Commanders and leaders
- Jerônimo Jardim [pt]; Mena Barreto [pt] †;: Fructuoso Rivera

Strength
- 420 men: 250 men

Casualties and losses
- 120 killed and captured: 7 killed 16 wounded

= Battle of Rincón =

1825 battle of the Cisplatine War

The Battle of Rincón, of Rincón de las Gallinas or of Rincón de Haedo was the first engagement between Fructuoso Rivera's rebel forces and those loyal to the Empire of Brazil during the Cisplatine War, taking place in 24 September 1825 in modern Uruguay's Río Negro Department.

== Background ==
The Banda Oriental had been annexed to the United Kingdom of Portugal, Brazil and the Algarves in 31 July 1821, as the Cisplatine Province, after a long conflict with José Gervasio Artigas's forces. The territory was never effectively integrated, economically or legally, into the Empire.
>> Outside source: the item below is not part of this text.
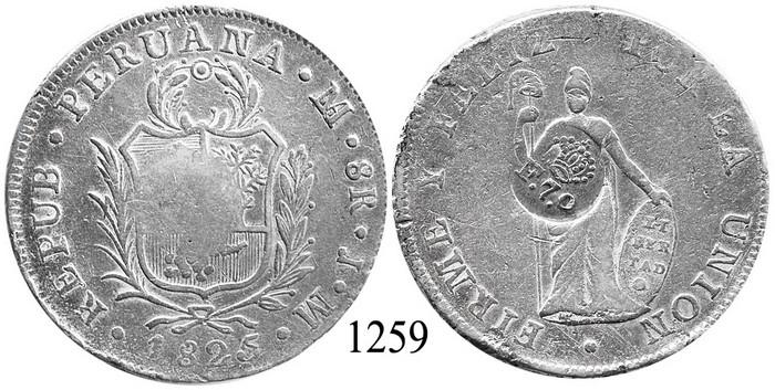 Philippines, 8 reales, "F 7" countermark on Lima, Peru, 8 reales, 1825JM, rare. KM-82. 26.6 grams. Rare combination of host and countermark, the former AVF and the latter XF but unevenly punched.

Juan Antonio Lavalleja began a campaign against the Brazilian rule on April 19 1825, ahead of the Thirty-Three Orientals, disembarking on the Agraciada Beach. Soon afterwards they united with more men under General Fructuoso Rivera; this force was too large for the Brazilian troops in the interior to handle and so they retreated to Montevideo. Both Rivera and Lavalleja had served under Artigas in the previous conflict with the Portuguese.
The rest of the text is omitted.